Along with a speck of gray. It appeared in the gelding’s pupil. Like a flake of ash. But, it spread beneath the film and shine. Spreading with each lazy blink, like billowing rain clouds, till the entirety of its eyes were filled with a storming gray, churning like trapped smoke. The gelding snorted and clawed the ground. The stranger giggled as he touched his heels to ribs. Under the starry sky, alone in the desert, horse and rider walked alongside the line of lonely train tracks toward a horizon, where the world was cut, the bleeding of a rising sun. 

“This is life,” the stranger pronounced, breathing deeply the dark morning air. “A man and his horse. The meeting of new friends. The thrill of the chase.”

The gelding snorted. 

“Of course! She has to die. That’s the contract. Kill her. It wouldn’t bode well for me if I didn’t. Not at all. Think of my reputation. My flawless record. I can’t let her ruin that. Consistency is key in my line of work. Such a small detail. So many of the young bucks don’t understand. They’re all about the flash or the high dollar names, but I tell you, a job is a job. No matter the soul.
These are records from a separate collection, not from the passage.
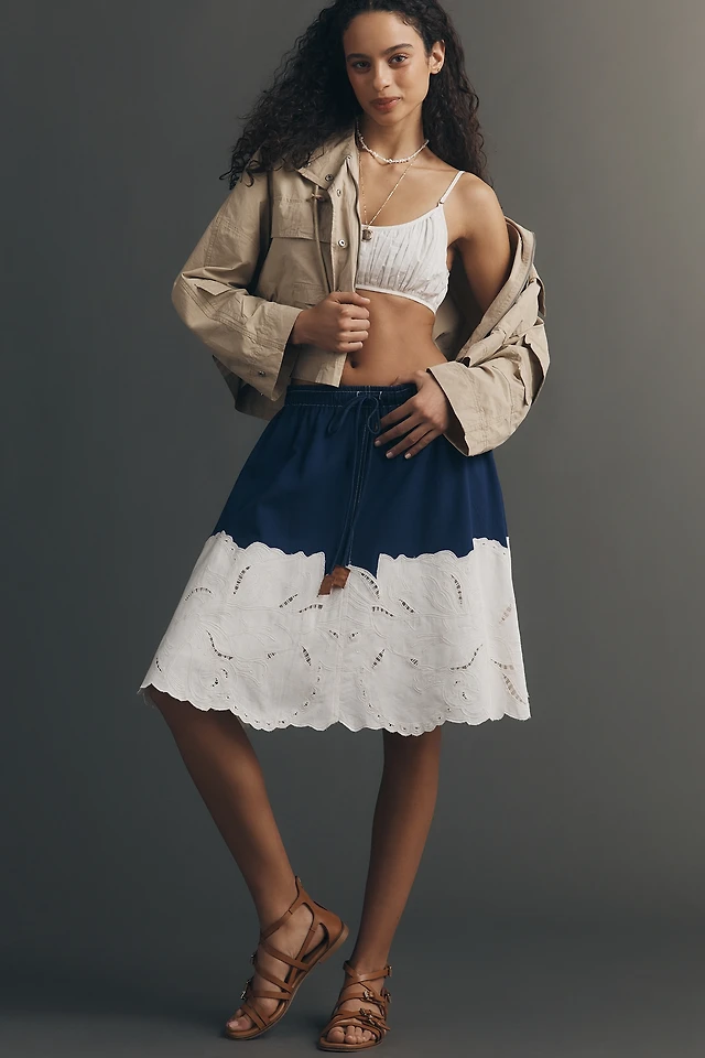Maeve Edie Asymmetrical Stitched Midi Skirt
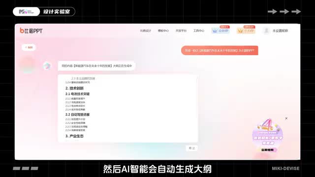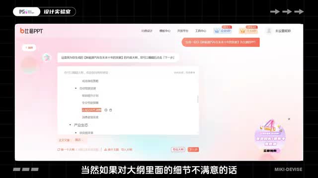 我们点击上方工具栏中的一个p p t,就可以看到一个a i对话框。
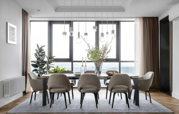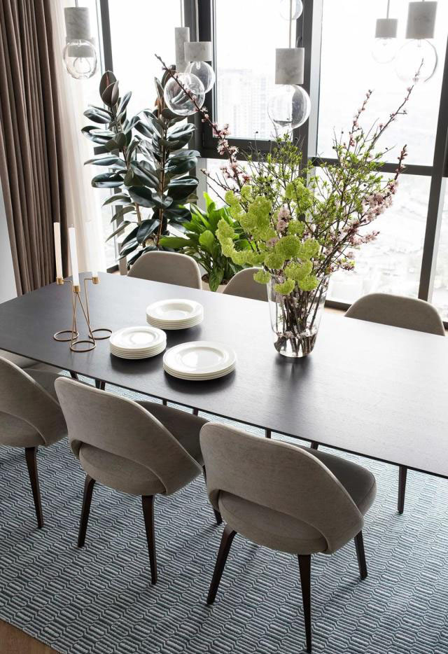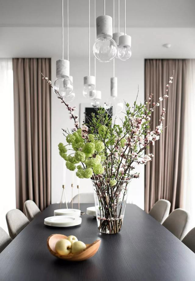 餐厅的采光非常好,黑色的木质餐桌搭配八张餐椅,顶部是一套白色的组合吊灯,大小灯泡、高低错落,很好的渲染了氛围。
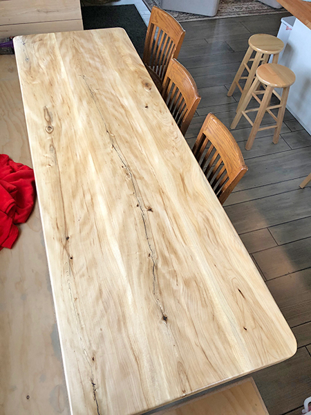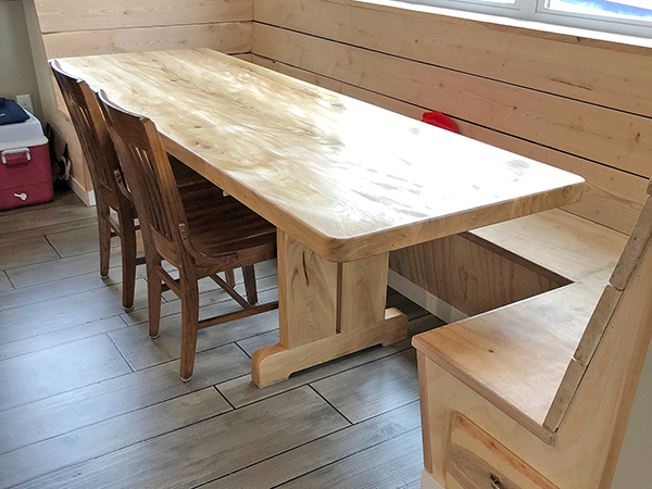 “Your editorial about the piece of salvaged box elder caught my attention. Awesome looking lamp! A few years ago we cleared some trees to make way for a new cabin about an hour north of Minneapolis. A couple of those trees were box elder. I had them milled to 9/4 and I built our kitchen table from it (see photos above). It’s a trestle style, just a shade over 8 ft. long and right at 30-in. wide to fit benches on three sides. My lumber has incredible grain, which seems to have a feathered look to it. My family was pretty excited about how the table turned out (me too)!” – Randy Gatzke
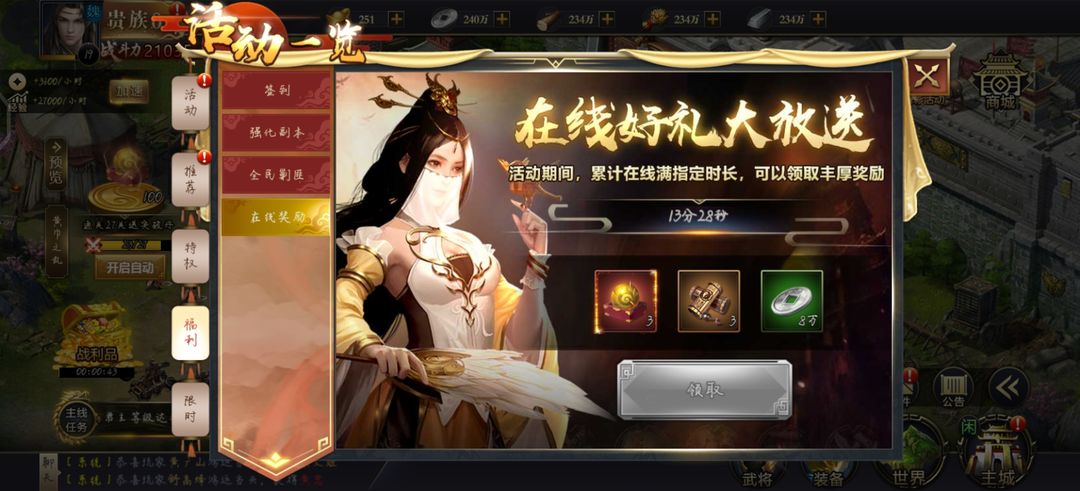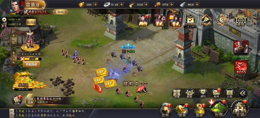 左上角的关卡挑战,还有左下角的战利品领取。关卡挑战能给你带来经验、战利品,平时没事做的时候可以开启自动挂着;战利品存了6个小时就会满,记得要早点领取哦。还有右边的敌将入侵和血战群雄,也算是每天的一个打卡任务。敌将入侵一般都选择星级挑战,每天当任务一样把次数刷完就行。
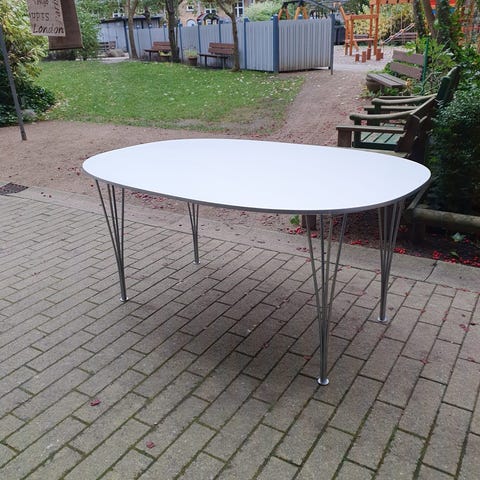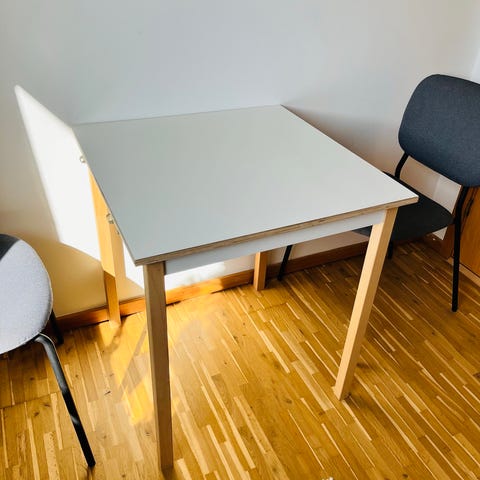 Vedligeholdt. Enkelte ubetydelige ridser i bordpladen. Stålben. Højden kan justeres.
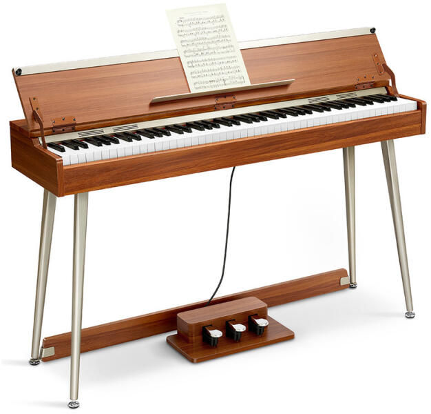 Donner DDP-80 Plus digitális zongora – elegáns dizájn, prémium részletek A Donner DDP-80 Plus nem csupán egy digitális hangszer, hanem egy stílusos, karakteres bútor és lakáskiegészítő is, amely harmonikusan illeszkedik bármely enteriőrbe. Letisztult vonalvezetését faerezetes burkolat , elegáns pezsgőarany lábak , valamint vésett radium fém díszítőelemek egészítik ki. A félig nyitott zongorafedél nemcsak esztétikai, hanem praktikus szerepet is betölt, halk záródást és porvédelmet biztosít. A DDP-80 Plus szívében egy 88 billentyűs, progresszív súlyozású kalapácsmechanikás billentyűzet található, amely valósághű játékélményt nyújt. A francia DREAM hanggenerátor és a beépített 2 × 20 W-os sztereó hangrendszer részletgazdag, autentikus zongorahangzást biztosít. Főbb jellemzők:
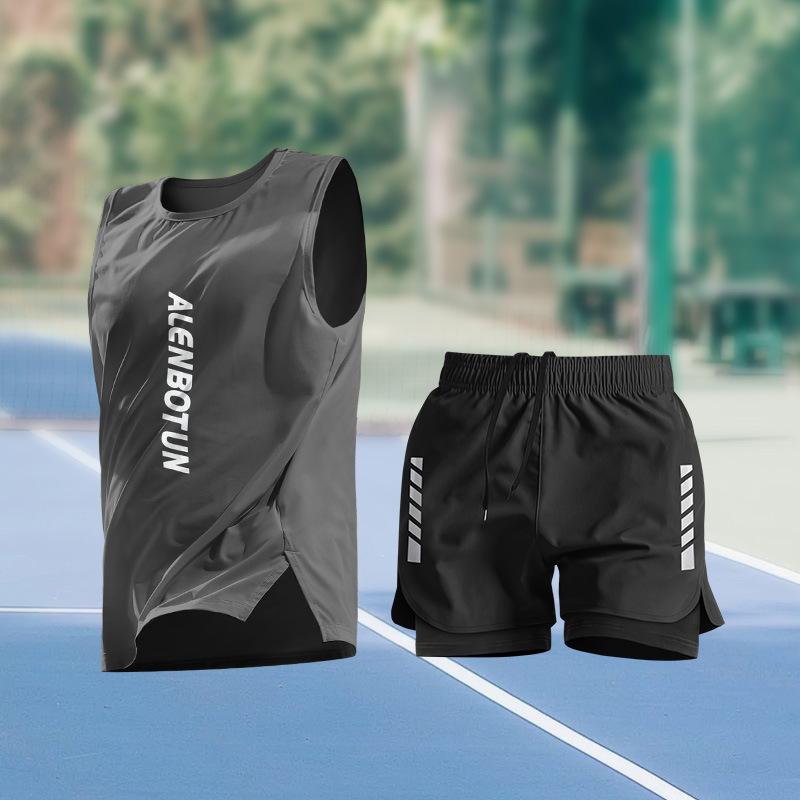 スポーツウェア メンズ 上下セット 夏用 マラソン トレーニングウェア Tシャツ タンクトップ ショートパンツ ポリエステル 吸湿速乾 運動着 部屋着 ルームウェア
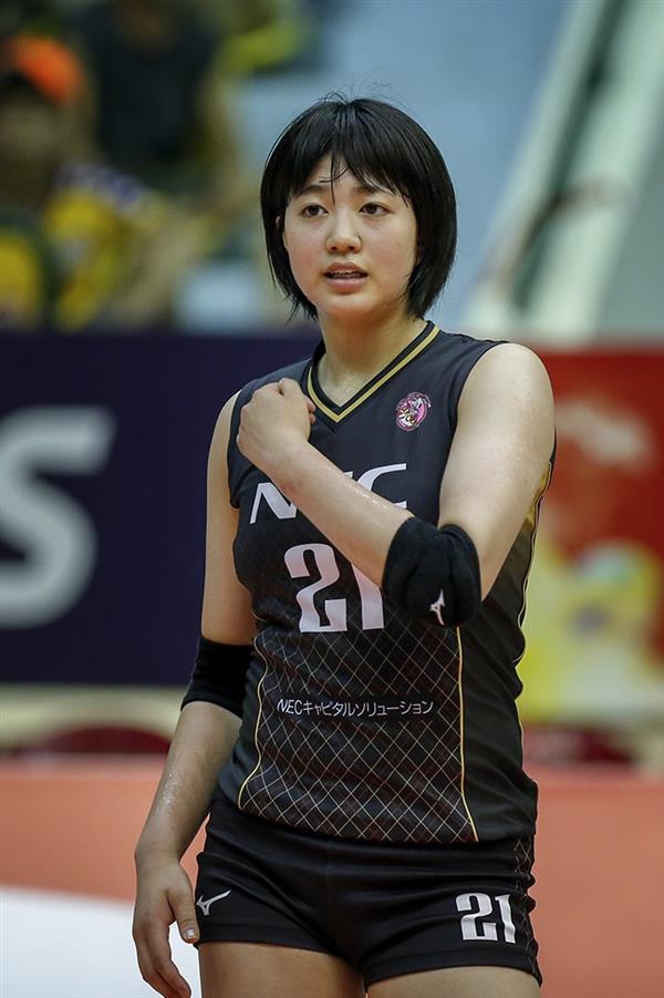 Tay đập Ayumi Yoshida của CLB NEC (Nhật Bản). VĐV mang số áo 21 sinh năm 2000, cao 1m76.
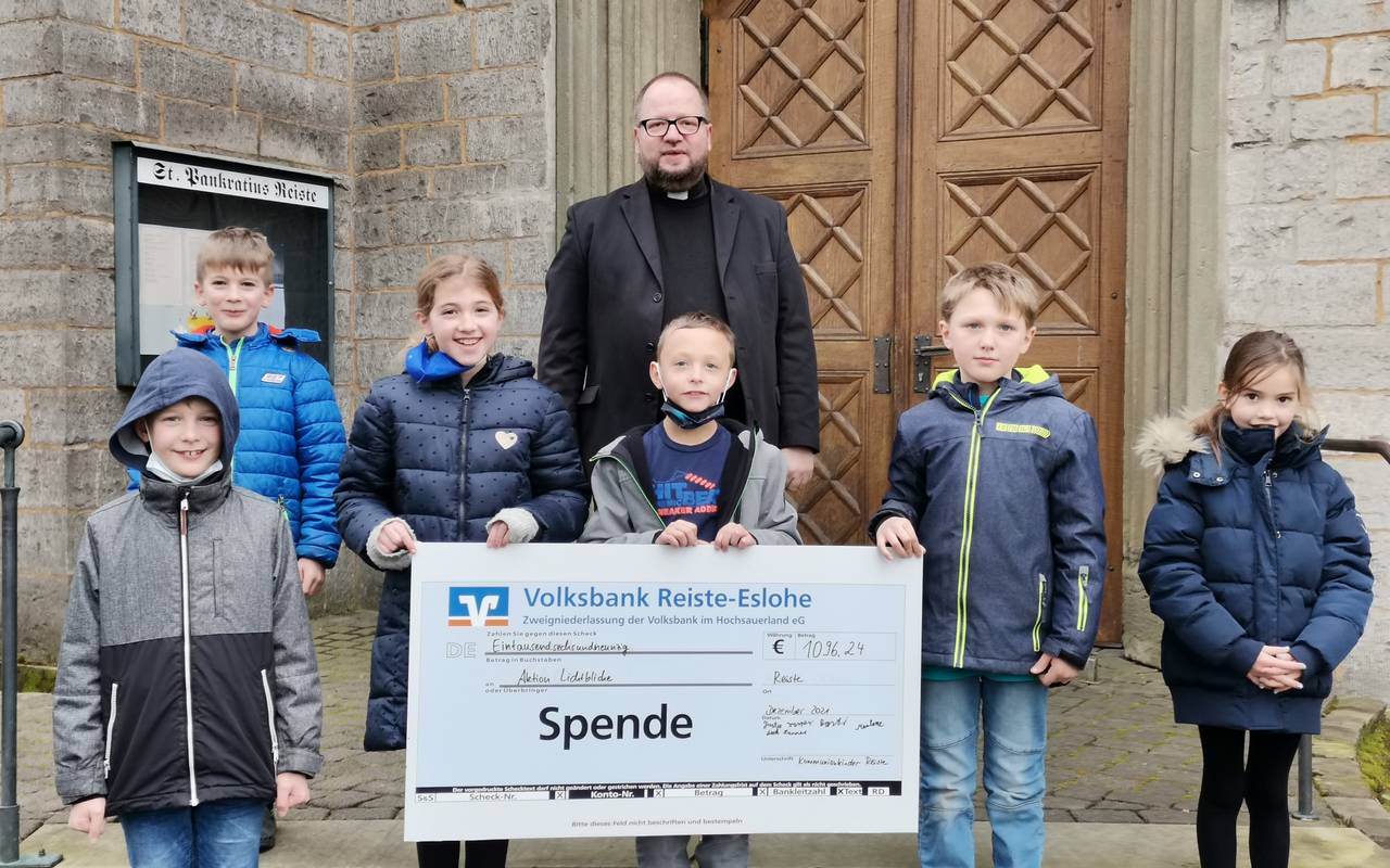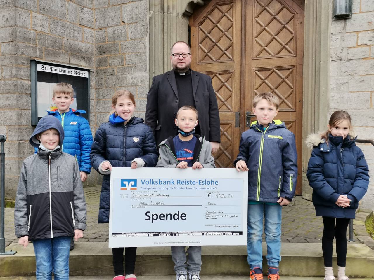 Die Kommunionkinder aus Eslohe-Reiste sammelten vor Weihnachten 1096,24€.
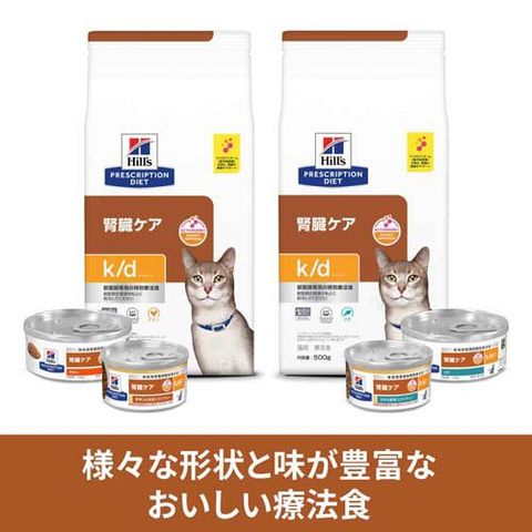●ヒルズの栄養学者と獣医師が開発したプリスクリプション・ダイエット 猫用 k/d ケイディーは、リンやナトリウムなどの調整により、あなたの愛猫の腎臓ケアをサポートする特別療法食です。

You do your best work. You take pride in it. Every time. Then that makes you reliable. And reliability, my good beast of burden, if you’re seen as reliable, why, you’ll spend less and less time bound in the chains.” 

The gelding held his head lazily, bobbing with the slow steps. 

“Yes, I know what you’re pondering. In theory, I’m still bound. Though the metal links aren’t coiled about my body, bruising my flesh, burdening my bones, I still feel their oppressive weight. Because, soon as the job is complete, a hundred goblin hands will drag me back to my prison.” 

A fly buzzed around the gelding’s head. He flicked his ears. 

“I already explained why she had to die. And besides, the power remains with the Armadillo Shaman. The goblin fiends are at his command. Even now, he could summon them and I would feel their cold grip. The chains. The darkness. The waiting.” 

The sun balanced on the line of the desert horizon like a flaming wheel. Bright and red. Its heat permeating the world, evaporating the coolness, steaming the air. The stranger pulled the brim of the hat (Frank’s hat) to shade his weak eyes, still unaccustomed to the brilliant light. He squinted, viewing the sun, not as some heavenly orb bringing the goodness of light and warmth to a sleeping world, but as a portal to Hell, a window to the insatiable flames, a portent of shriveling heat, of the drowning sweat, an omen of the searing light. 

He didn’t know when the Judgment would come. It could be tomorrow, it could be a few millennia. But, bound in the chains, just waiting, left with only his anxious imagination, was not how he wanted to go. No. Fist raised. A fist filled with souls, souls that wouldn’t make it to Heaven, souls that would cook alongside him, souls that screamed in the flames next to him. Perhaps their tortured faces would remind him of his glory days, of his past life, when he had power. Frank and Emil’s faces came in his memory. Hundreds of others appeared as well. Perhaps, like trophies, they would bring him comfort on his lowest days. 

The gelding whinnied. 

“I think there will come a time where we can discuss options,” the stranger spread a toothy smile. “For now, we follow these tracks. I’m sure our lady friend and her white knight have stopped off in the nearest town, thinking, quite innocently, that their purserer is dead and buried.” 

As the sun climbed higher, brightening the landscape, a frail column of smoke wafted a few hundred yards in the distance near the line of train tracks. Soon, they saw the dingy canvas of a wagon and heard the clamoring of pots as men cooked breakfast. The stranger petted the horse’s neck, “It’s only polite to say Good Morning.”